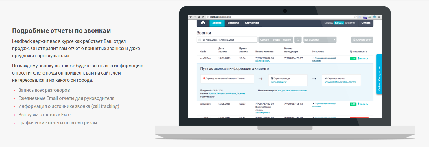 Виджет leadback увеличивает количество звонков с сайта в 2 раза, без дополнительных вложений в рекламу. Если вы сейчас получаете 5 звонков с сайта, то с использованием leadback их будет 10. Больше звонков - больше продаж!
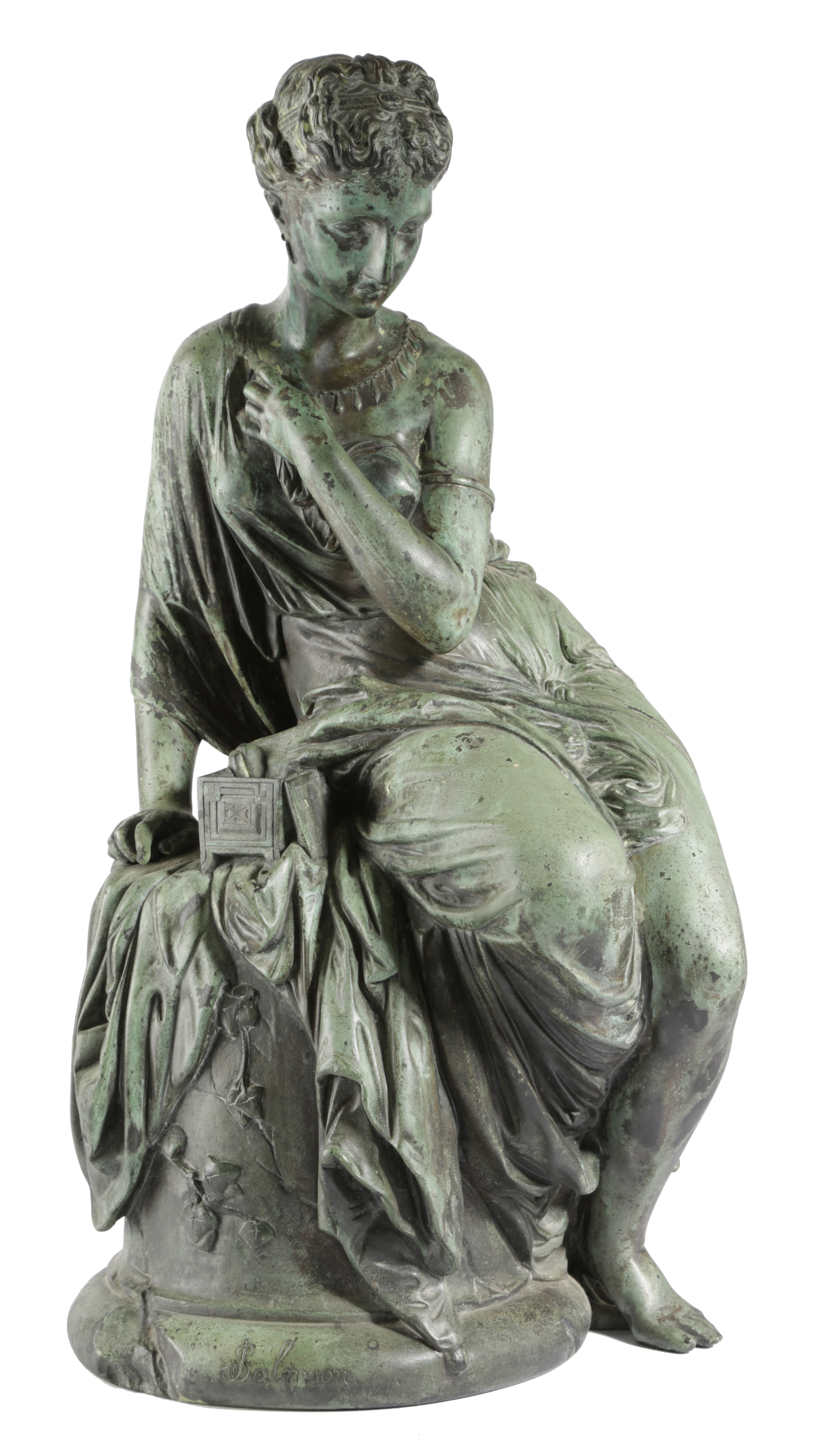 the classical maiden seated on an ivy clad plinth with her open box, with a verdigris finish
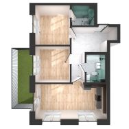 Уютная 2-комнатная квартира с кухней-гостиной и отдельной спальней. На балконе можно обустроить дополнительное место для отдыха или работы. Продуманное зонирование: кухонная зона находится в нише, чтобы скрыть рабочие процессы.

** Your assignment **
Leave the pictures out and return the rest of the material exactly.

** Written response **
 Виджет leadback увеличивает количество звонков с сайта в 2 раза, без дополнительных вложений в рекламу. Если вы сейчас получаете 5 звонков с сайта, то с использованием leadback их будет 10. Больше звонков - больше продаж!
 the classical maiden seated on an ivy clad plinth with her open box, with a verdigris finish
 Уютная 2-комнатная квартира с кухней-гостиной и отдельной спальней. На балконе можно обустроить дополнительное место для отдыха или работы. Продуманное зонирование: кухонная зона находится в нише, чтобы скрыть рабочие процессы.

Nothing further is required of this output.